🤖 AI Summary
This paper addresses hallucination detection and fine-grained localization in multilingual large language model (LLM) outputs. Methodologically, it proposes a knowledge-augmented, multi-granularity detection framework: (1) it pioneers the reconstruction of reference documents into declarative fact-checking units to enhance traceability of factual grounding; (2) it extends SelfCheckGPT with dynamic external knowledge integration capabilities; and (3) it introduces multilingual prompt engineering alongside a word-level IoU and Coverage-over-Reference (COR) evaluation framework for precise hallucination localization—from sentence- to word-level. Evaluated on the SemEval-2025 Task 3 multilingual benchmark, the framework achieves an average IoU of 0.5310 and COR of 0.5669, ranking first overall. To our knowledge, this is the first work to systematically enable word-level, interpretable hallucination detection in multilingual LLM generations.
📝 Abstract
SemEval-2025 Task 3 (Mu-SHROOM) focuses on detecting hallucinations in content generated by various large language models (LLMs) across multiple languages. This task involves not only identifying the presence of hallucinations but also pinpointing their specific occurrences.

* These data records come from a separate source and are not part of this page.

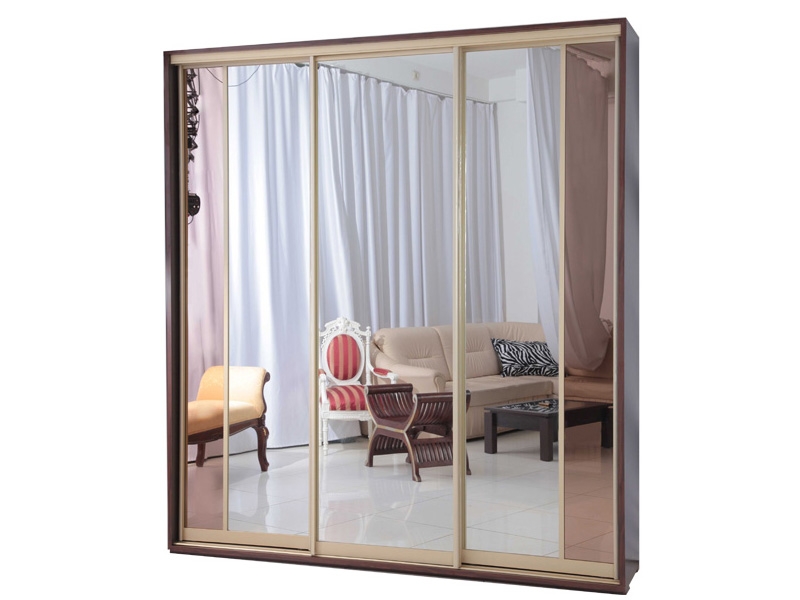 Используемый материал: корпус - ламинированное ДСП 16 мм, ламинированное ДВП; фасады - полностью алюминиевая конструкция люкс - Версаль (периметр каждого фасада в алюминиевом профиле - ручке), вставка - зеркала серебро/бронза.
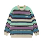 Contrasting Color Striped Loose Round Neck Sweater - Apricot
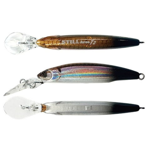 通称「マジックジャーク」キャスト後、トラウトの目線より下に素早く潜らせてルアーの存在を消す。続いてラインテンションをかけて姿勢をコントロールしながら真上に浮かせる。再び視界に飛び込んでくるスティルに魚はたまらず口を使います。サイトフィッシングが出来ないマッディポンドではトラウトのレンジを探るためにPEラインを用い、PEラインの動きでバイトを感知する。また、魚へプレッシャーを掛けづらく、水馴染みが良く伸びの少ないエステルラインもこの釣りでは有効です。

To tackle this challenge, this study introduces two methods: modified RefChecker and modified SelfCheckGPT. The modified RefChecker integrates prompt-based factual verification into References, structuring them as claim-based tests rather than single external knowledge sources. The modified SelfCheckGPT incorporates external knowledge to overcome its reliance on internal knowledge. In addition, both methods' original prompt designs are enhanced to identify hallucinated words within LLM-generated texts. Experimental results demonstrate the effectiveness of the approach, achieving a high ranking on the test dataset in detecting hallucinations across various languages, with an average IoU of 0.5310 and an average COR of 0.5669.